Would you restate each line of the data below word for word, without its pictures?

■ **The data**:
# # # #
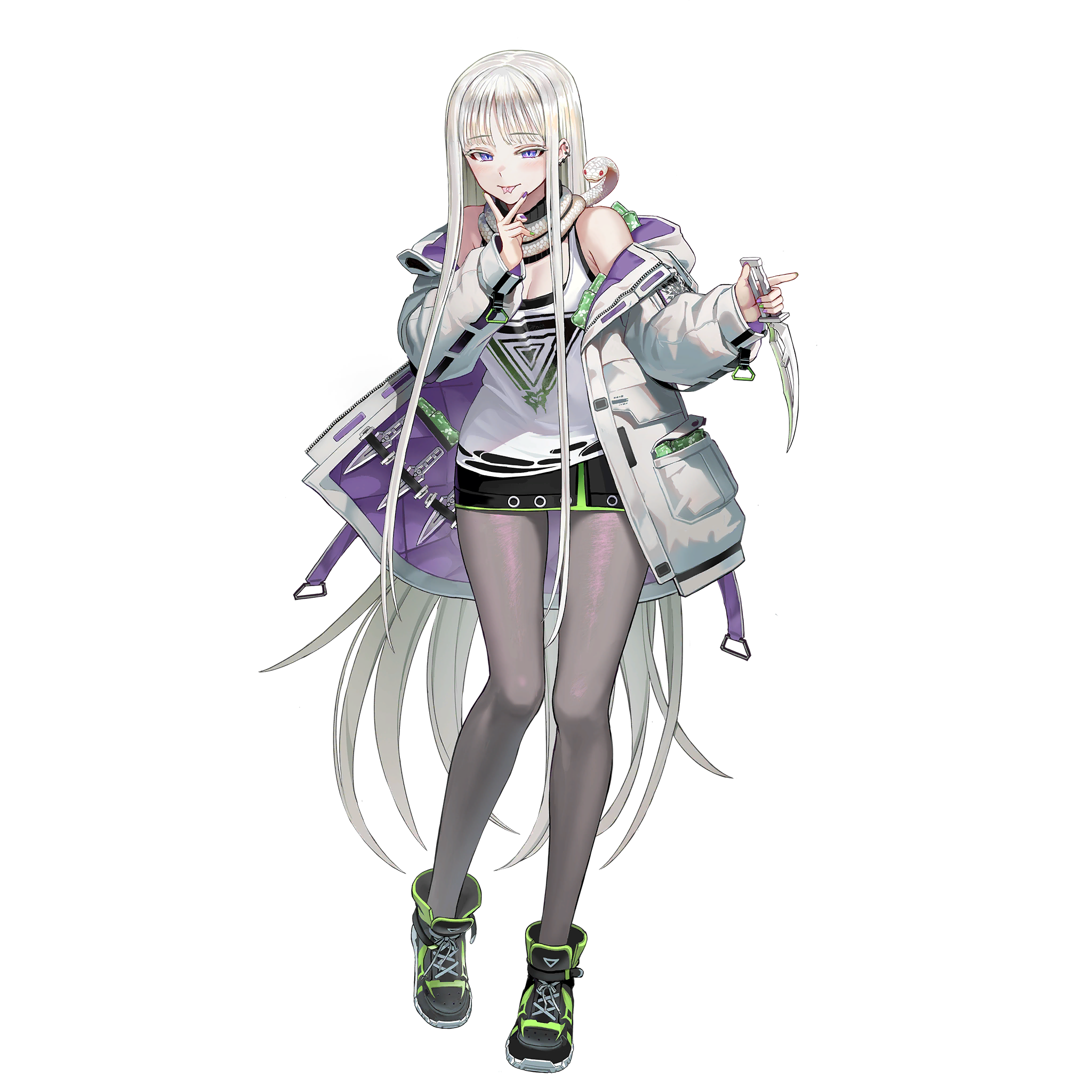 1girl :p black_skirt cheona_(last_origin) coat dagger forked_tongue full_body grey_pantyhose high_tops highres knife last_origin long_hair looking_at_viewer miniskirt nail_polish official_art pantyhose purple_eyes shoes silver_hair skirt smile snake sneakers solo tachi-e taesi tank_top throwing_knife tongue tongue_out transparent_background very_long_hair weapon
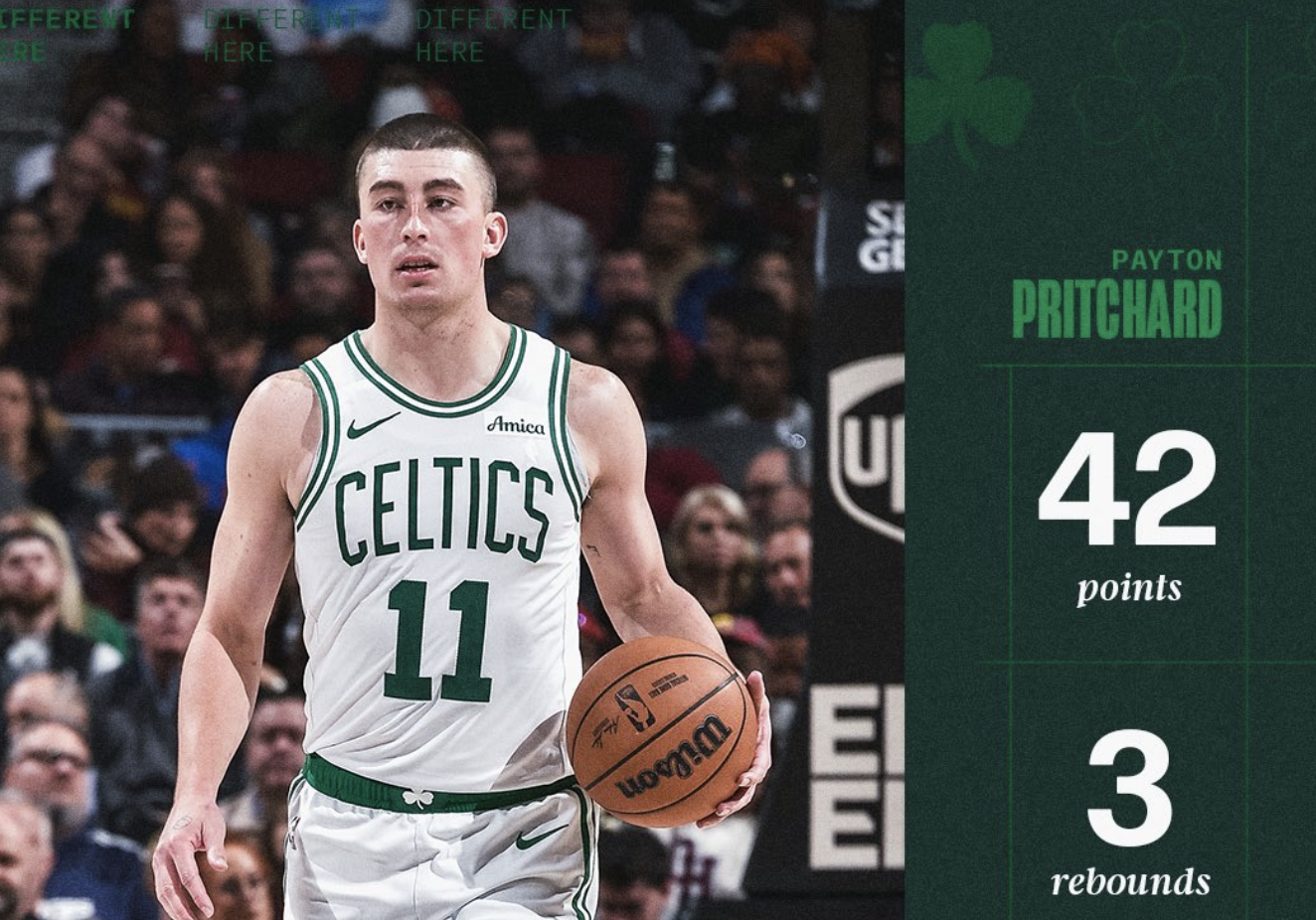 佩顿-普里查德出场不足31分钟砍下42分,队史第四位
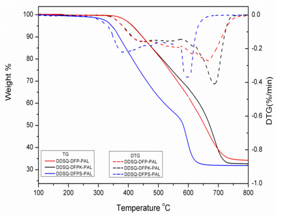 TGA curves of DDSQ-DFPKs-PAL after curing.
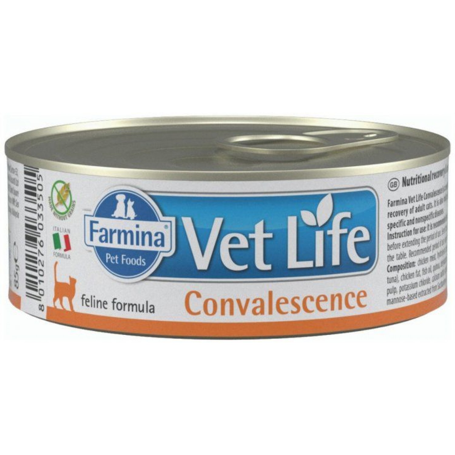 Farmina VetLife Convalescence - повнораційний дієтичний беззерновий вологий корм для дорослих кішок ідеально підходить тваринам у період відновлення після перенесених захворювань та після хірургічних операцій. Корм особливо корисний для лікування шлунково-кишкового тракту після хірургічних втручань. Висока енергетична цінність та засвоюваність вологого корму дозволяють відновити ідеальну масу тіла тварини та зміцнити її сили.
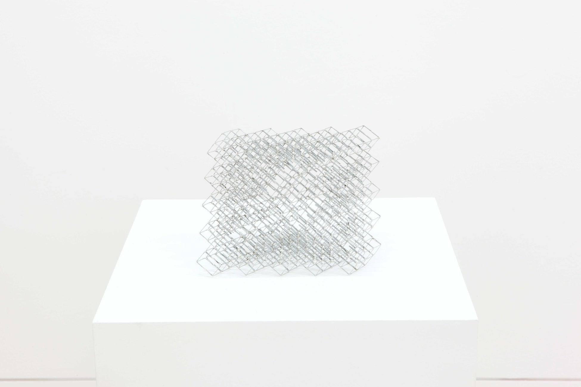 ボールペン、シャンプーボトル、ホッチキスの針などを使った造形作品を制作。
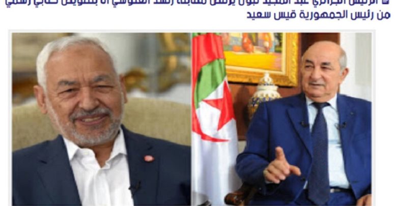 وزعمت هذه المواقع والصفحات، أنّ الرئيس الجزائري، اشترط تفويضًا كتابيًّا من الرئيس قيس سعيد، كشرط لقبول اللقاء بالغنوشي..
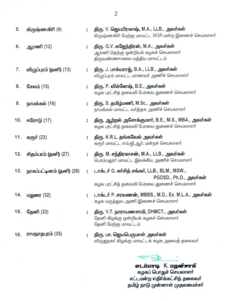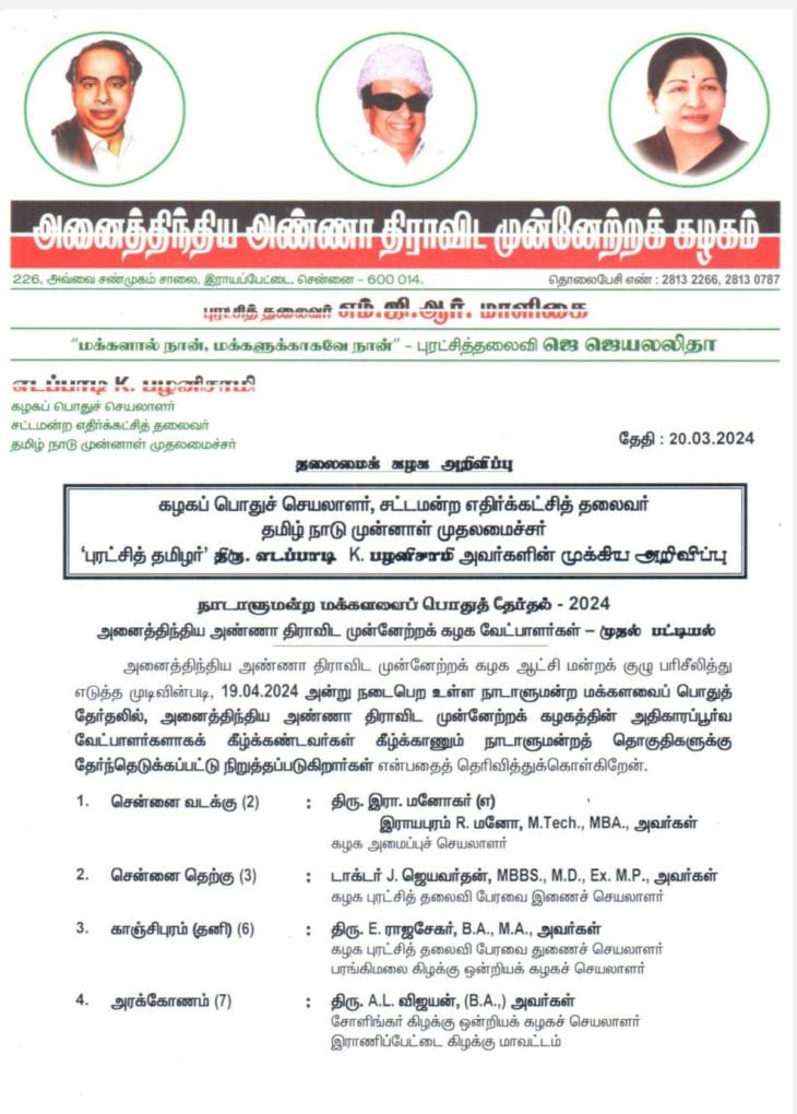 அதன்படி, அதிமுகவின் முதற்கட்ட வேட்பாளர் பட்டியல்
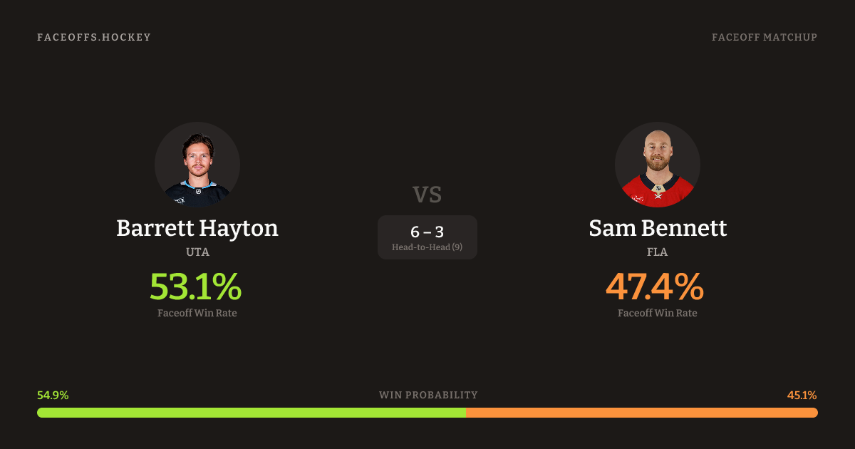 Barrett Hayton vs Sam Bennett — Faceoff Head-to-Head
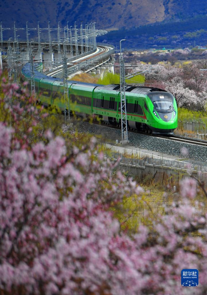 復(fù)興號(hào)穿行在西藏拉林鐵路林芝段的桃花間(2023年3月21日攝)。新華社記者 覺(jué)果 攝
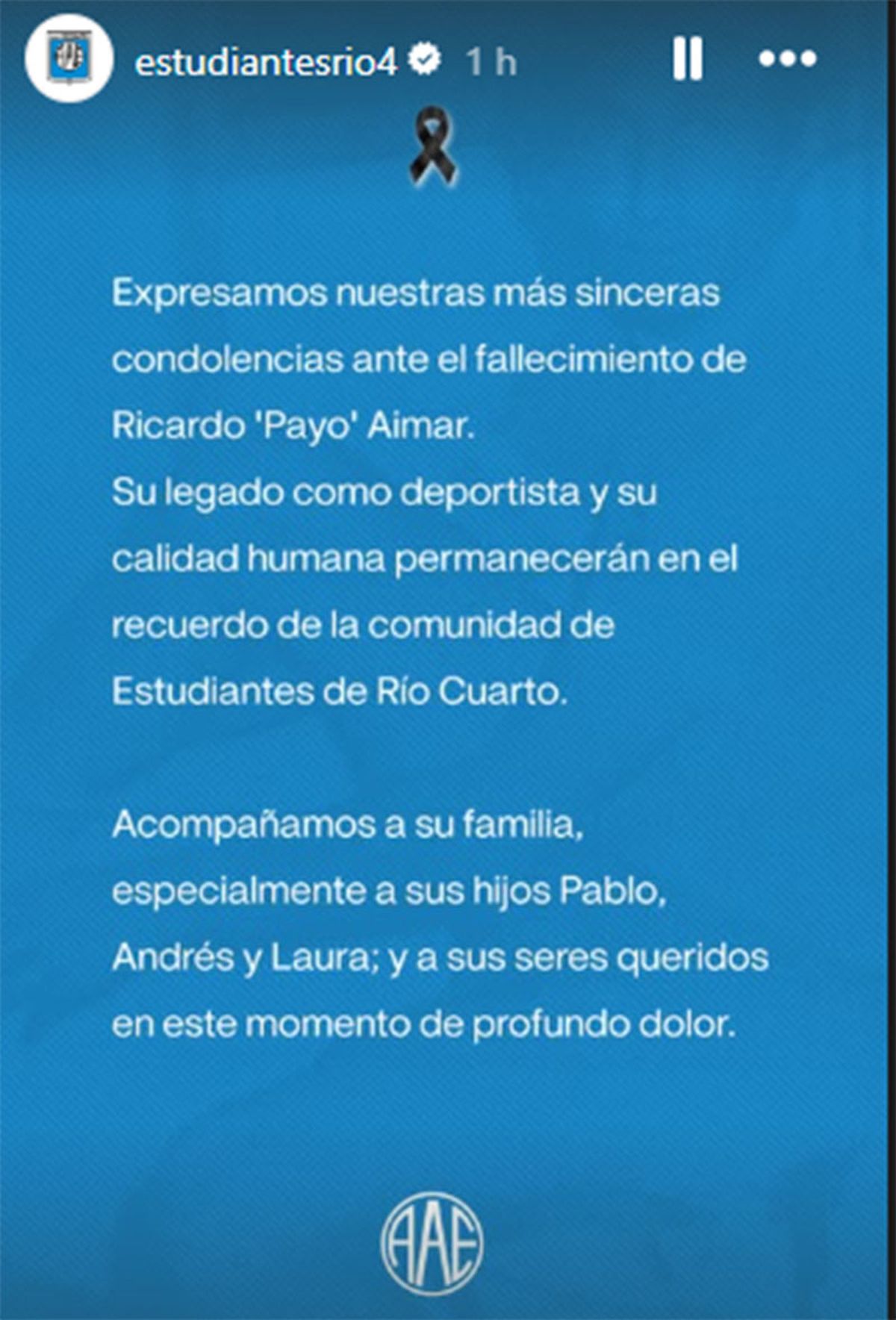"Expresamos nuestras más sinceras condolencias ante el fallecimiento de Ricardo ‘Payo’ Aimar. Su legado como deportista y su calidad humana permanecerán en el recuerdo de la comunidad de Estudiantes de Río Cuarto. Acompañamos a su familia, especialmente a sus hijos Pablo, Andrés y Laura; y a sus seres queridos en este momento de profundo dolor", afirmó Estudiantes en Instagram.
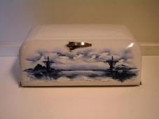 hald úr málmi. Framan á lokinu er mynd af myllum og landslagi í bláum lit.
# # # #
■ **Result of the task**:
 1girl :p black_skirt cheona_(last_origin) coat dagger forked_tongue full_body grey_pantyhose high_tops highres knife last_origin long_hair looking_at_viewer miniskirt nail_polish official_art pantyhose purple_eyes shoes silver_hair skirt smile snake sneakers solo tachi-e taesi tank_top throwing_knife tongue tongue_out transparent_background very_long_hair weapon
 佩顿-普里查德出场不足31分钟砍下42分,队史第四位
 TGA curves of DDSQ-DFPKs-PAL after curing.
 Farmina VetLife Convalescence - повнораційний дієтичний беззерновий вологий корм для дорослих кішок ідеально підходить тваринам у період відновлення після перенесених захворювань та після хірургічних операцій. Корм особливо корисний для лікування шлунково-кишкового тракту після хірургічних втручань. Висока енергетична цінність та засвоюваність вологого корму дозволяють відновити ідеальну масу тіла тварини та зміцнити її сили.
 ボールペン、シャンプーボトル、ホッチキスの針などを使った造形作品を制作。
 وزعمت هذه المواقع والصفحات، أنّ الرئيس الجزائري، اشترط تفويضًا كتابيًّا من الرئيس قيس سعيد، كشرط لقبول اللقاء بالغنوشي..
 அதன்படி, அதிமுகவின் முதற்கட்ட வேட்பாளர் பட்டியல்
 Barrett Hayton vs Sam Bennett — Faceoff Head-to-Head
 復(fù)興號(hào)穿行在西藏拉林鐵路林芝段的桃花間(2023年3月21日攝)。新華社記者 覺(jué)果 攝
"Expresamos nuestras más sinceras condolencias ante el fallecimiento de Ricardo ‘Payo’ Aimar. Su legado como deportista y su calidad humana permanecerán en el recuerdo de la comunidad de Estudiantes de Río Cuarto. Acompañamos a su familia, especialmente a sus hijos Pablo, Andrés y Laura; y a sus seres queridos en este momento de profundo dolor", afirmó Estudiantes en Instagram.
 hald úr málmi. Framan á lokinu er mynd af myllum og landslagi í bláum lit.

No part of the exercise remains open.